EXERCISE INSTRUCTIONS:
Return all the lines below exactly as written. Drop every picture.

DATA FOR THIS EXERCISE:

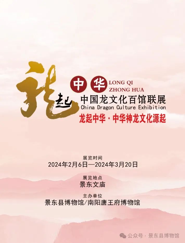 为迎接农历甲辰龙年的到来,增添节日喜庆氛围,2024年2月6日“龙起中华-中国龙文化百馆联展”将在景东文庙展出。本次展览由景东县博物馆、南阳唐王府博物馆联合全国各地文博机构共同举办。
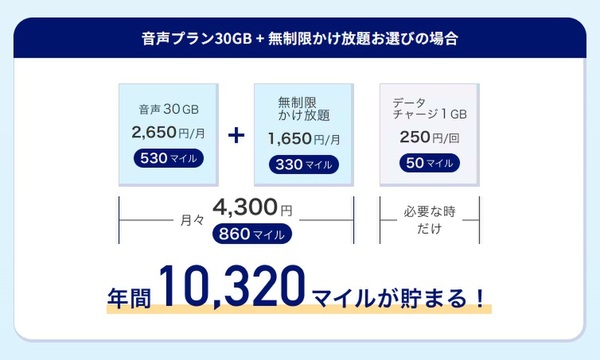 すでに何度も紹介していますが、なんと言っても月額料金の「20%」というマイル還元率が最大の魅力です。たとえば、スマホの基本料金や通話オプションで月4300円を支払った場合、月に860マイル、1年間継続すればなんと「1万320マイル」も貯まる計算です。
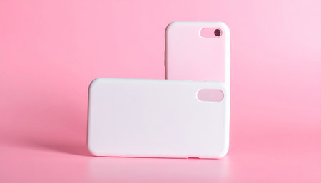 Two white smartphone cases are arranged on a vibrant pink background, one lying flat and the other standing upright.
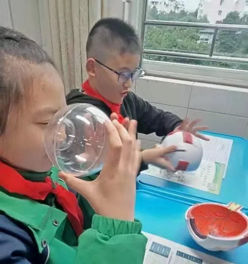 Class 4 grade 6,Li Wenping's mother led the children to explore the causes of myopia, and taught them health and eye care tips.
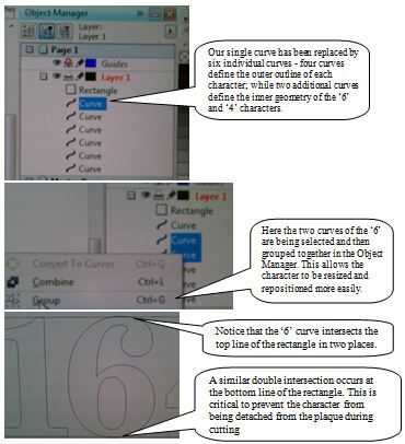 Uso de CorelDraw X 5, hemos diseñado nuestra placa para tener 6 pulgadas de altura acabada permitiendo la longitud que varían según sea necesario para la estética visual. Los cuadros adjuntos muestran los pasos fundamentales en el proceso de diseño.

EXERCISE SOLUTION:
 为迎接农历甲辰龙年的到来,增添节日喜庆氛围,2024年2月6日“龙起中华-中国龙文化百馆联展”将在景东文庙展出。本次展览由景东县博物馆、南阳唐王府博物馆联合全国各地文博机构共同举办。
 すでに何度も紹介していますが、なんと言っても月額料金の「20%」というマイル還元率が最大の魅力です。たとえば、スマホの基本料金や通話オプションで月4300円を支払った場合、月に860マイル、1年間継続すればなんと「1万320マイル」も貯まる計算です。
 Two white smartphone cases are arranged on a vibrant pink background, one lying flat and the other standing upright.
 Class 4 grade 6,Li Wenping's mother led the children to explore the causes of myopia, and taught them health and eye care tips.
 Uso de CorelDraw X 5, hemos diseñado nuestra placa para tener 6 pulgadas de altura acabada permitiendo la longitud que varían según sea necesario para la estética visual. Los cuadros adjuntos muestran los pasos fundamentales en el proceso de diseño.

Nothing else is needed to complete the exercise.